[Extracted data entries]
____

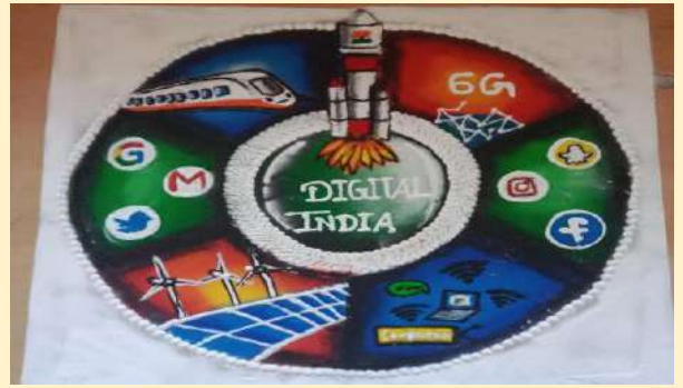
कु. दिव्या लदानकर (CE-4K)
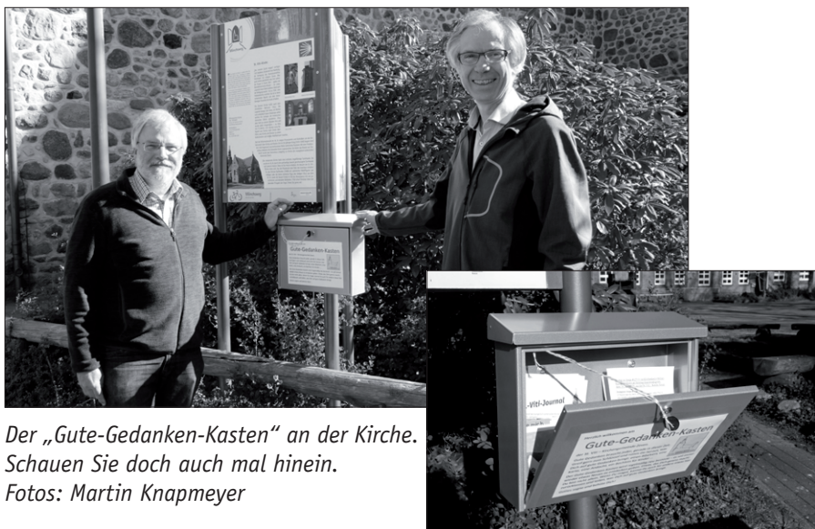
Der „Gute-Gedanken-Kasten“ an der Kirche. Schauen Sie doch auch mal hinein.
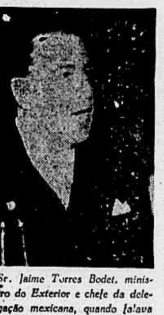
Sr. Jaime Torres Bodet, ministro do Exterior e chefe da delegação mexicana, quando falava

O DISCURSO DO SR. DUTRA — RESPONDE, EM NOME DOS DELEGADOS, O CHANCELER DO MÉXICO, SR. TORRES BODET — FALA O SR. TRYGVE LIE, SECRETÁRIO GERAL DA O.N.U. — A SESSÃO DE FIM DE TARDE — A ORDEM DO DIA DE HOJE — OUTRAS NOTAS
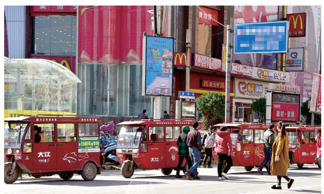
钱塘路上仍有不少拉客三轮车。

____

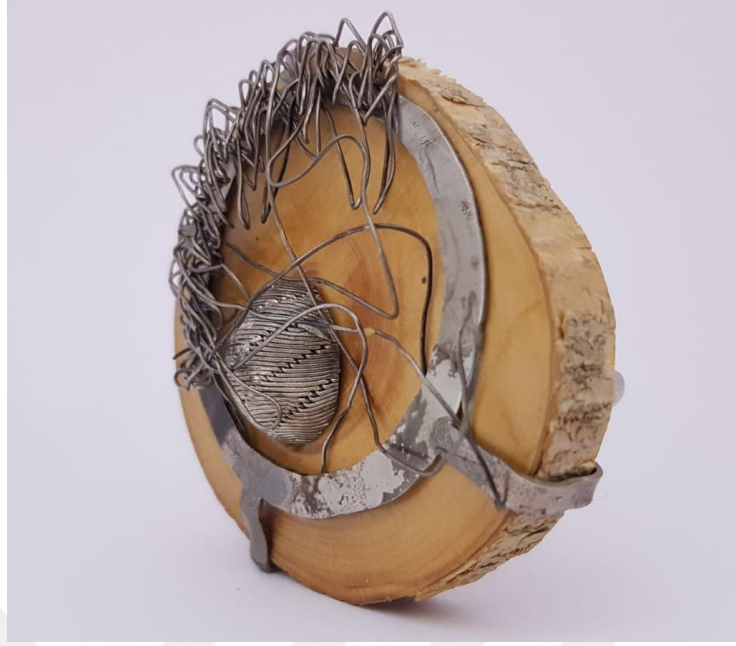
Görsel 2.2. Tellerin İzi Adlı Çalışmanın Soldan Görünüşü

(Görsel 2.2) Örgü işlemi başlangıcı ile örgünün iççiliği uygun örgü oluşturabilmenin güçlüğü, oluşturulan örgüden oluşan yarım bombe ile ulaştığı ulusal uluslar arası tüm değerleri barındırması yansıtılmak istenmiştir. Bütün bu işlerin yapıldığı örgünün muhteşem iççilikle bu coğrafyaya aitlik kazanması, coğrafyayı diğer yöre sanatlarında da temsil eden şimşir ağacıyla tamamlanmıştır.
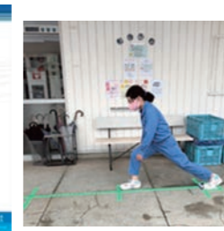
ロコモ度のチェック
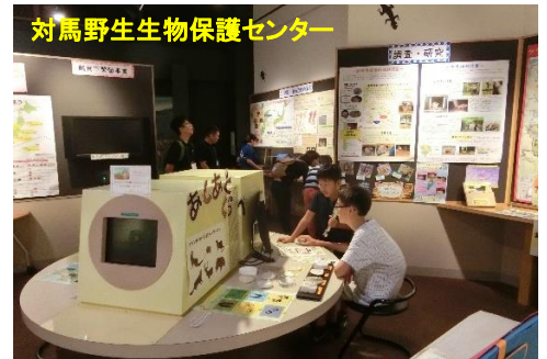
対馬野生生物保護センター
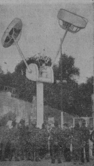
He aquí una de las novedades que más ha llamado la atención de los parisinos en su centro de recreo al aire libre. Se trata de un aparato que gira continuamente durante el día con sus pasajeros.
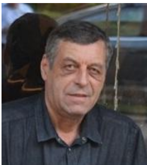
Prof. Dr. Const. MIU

____

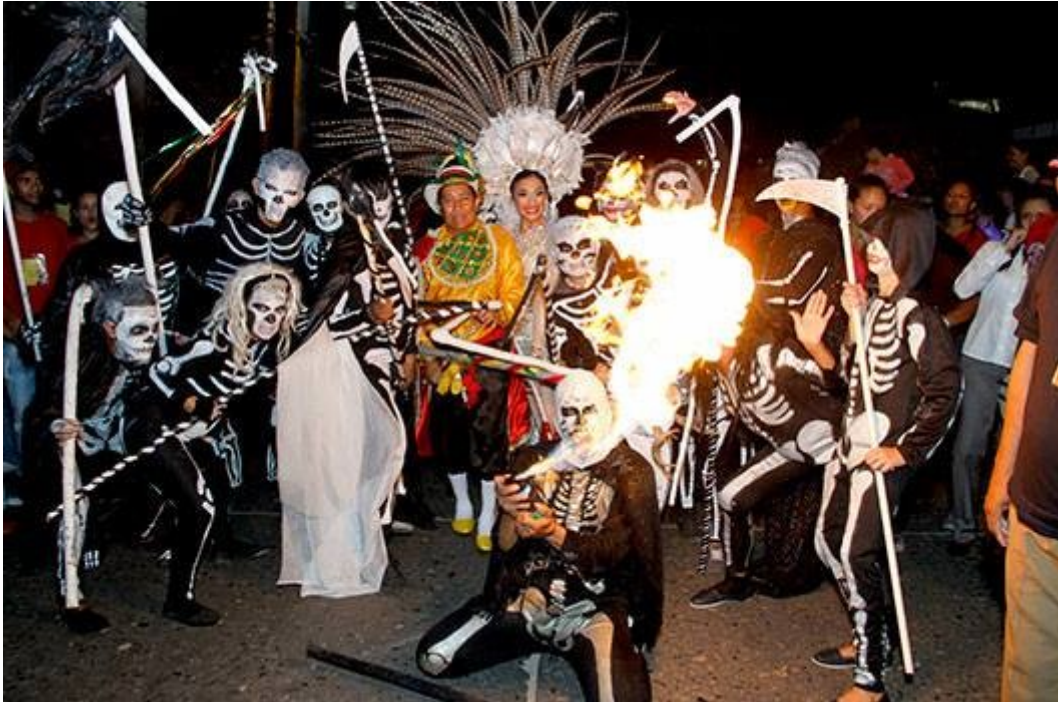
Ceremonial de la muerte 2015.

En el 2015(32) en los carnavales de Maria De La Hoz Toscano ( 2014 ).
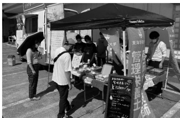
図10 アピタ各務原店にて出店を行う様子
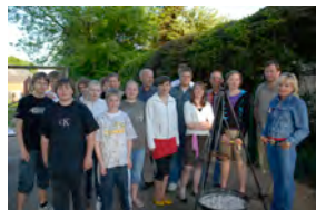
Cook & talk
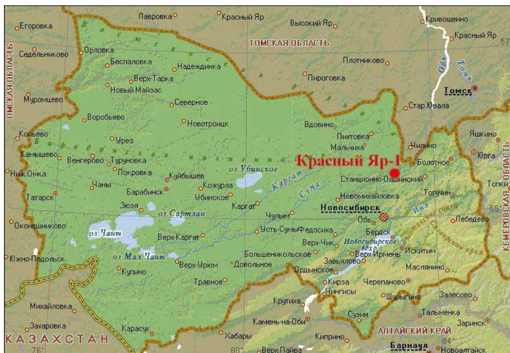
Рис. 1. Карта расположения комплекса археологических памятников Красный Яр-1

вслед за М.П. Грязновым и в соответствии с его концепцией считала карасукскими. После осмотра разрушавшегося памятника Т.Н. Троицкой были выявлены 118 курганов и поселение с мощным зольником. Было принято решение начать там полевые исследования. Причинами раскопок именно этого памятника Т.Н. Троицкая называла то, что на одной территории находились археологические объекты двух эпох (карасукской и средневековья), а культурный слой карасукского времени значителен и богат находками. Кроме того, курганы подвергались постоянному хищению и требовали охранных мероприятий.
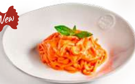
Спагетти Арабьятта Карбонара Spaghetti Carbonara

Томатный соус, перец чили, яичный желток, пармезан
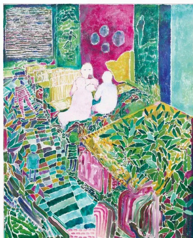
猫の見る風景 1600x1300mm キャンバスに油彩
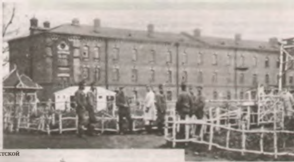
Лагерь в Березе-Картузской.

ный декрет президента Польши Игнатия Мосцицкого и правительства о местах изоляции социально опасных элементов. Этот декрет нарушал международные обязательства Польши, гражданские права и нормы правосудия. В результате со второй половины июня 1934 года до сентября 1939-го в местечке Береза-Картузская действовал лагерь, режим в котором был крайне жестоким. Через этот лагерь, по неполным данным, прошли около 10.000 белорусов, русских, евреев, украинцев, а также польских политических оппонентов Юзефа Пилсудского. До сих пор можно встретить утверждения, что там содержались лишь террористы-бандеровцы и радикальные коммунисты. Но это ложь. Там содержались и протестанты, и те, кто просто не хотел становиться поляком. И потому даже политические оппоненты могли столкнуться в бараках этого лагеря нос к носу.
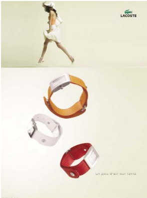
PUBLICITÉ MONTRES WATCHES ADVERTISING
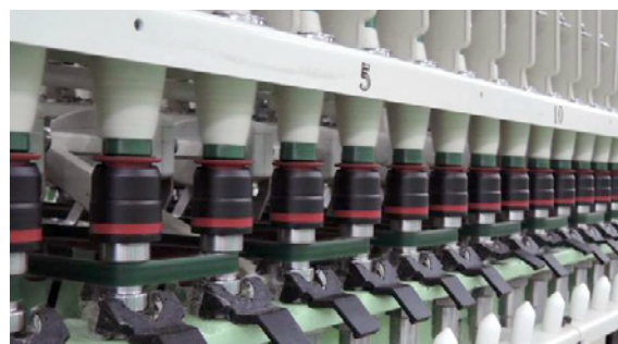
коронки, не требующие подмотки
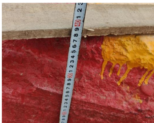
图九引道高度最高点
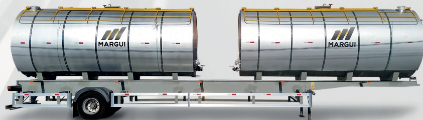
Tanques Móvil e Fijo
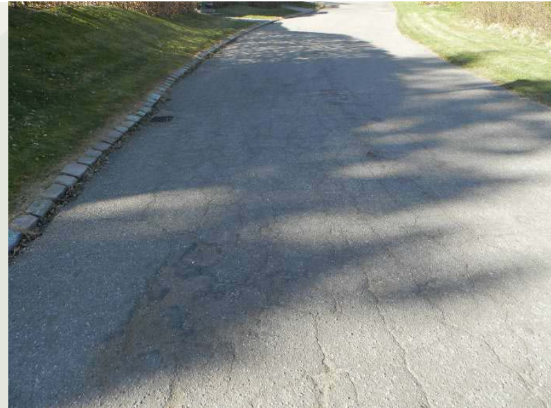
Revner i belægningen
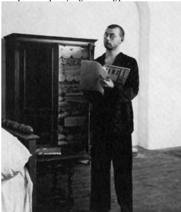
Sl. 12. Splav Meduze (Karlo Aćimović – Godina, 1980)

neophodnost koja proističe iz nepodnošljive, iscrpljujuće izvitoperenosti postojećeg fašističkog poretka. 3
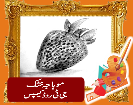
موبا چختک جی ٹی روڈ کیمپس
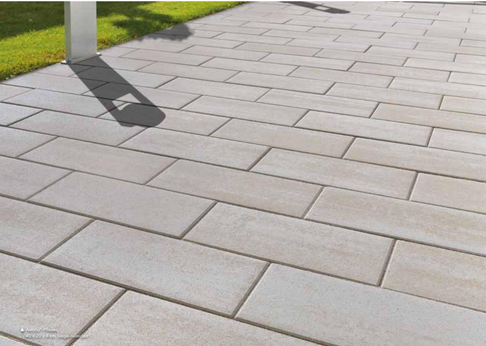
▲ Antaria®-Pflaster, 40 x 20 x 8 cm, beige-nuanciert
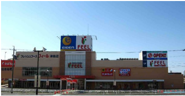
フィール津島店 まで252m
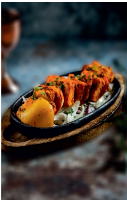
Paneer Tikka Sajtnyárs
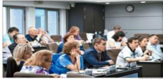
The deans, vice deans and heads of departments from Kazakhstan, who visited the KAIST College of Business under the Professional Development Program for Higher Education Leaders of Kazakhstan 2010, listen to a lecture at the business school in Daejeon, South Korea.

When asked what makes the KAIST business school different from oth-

____

• Exercise aim: Treat the line with "कु. दिव्या लदानकर (CE-4K)" as the start and the line with "钱塘路上仍有不少拉客三轮车。" as the end, and return exactly that span of the data above, both ends included, without pictures.

• Solution for this exercise:
कु. दिव्या लदानकर (CE-4K)
Der „Gute-Gedanken-Kasten“ an der Kirche. Schauen Sie doch auch mal hinein.
Sr. Jaime Torres Bodet, ministro do Exterior e chefe da delegação mexicana, quando falava

O DISCURSO DO SR. DUTRA — RESPONDE, EM NOME DOS DELEGADOS, O CHANCELER DO MÉXICO, SR. TORRES BODET — FALA O SR. TRYGVE LIE, SECRETÁRIO GERAL DA O.N.U. — A SESSÃO DE FIM DE TARDE — A ORDEM DO DIA DE HOJE — OUTRAS NOTAS
钱塘路上仍有不少拉客三轮车。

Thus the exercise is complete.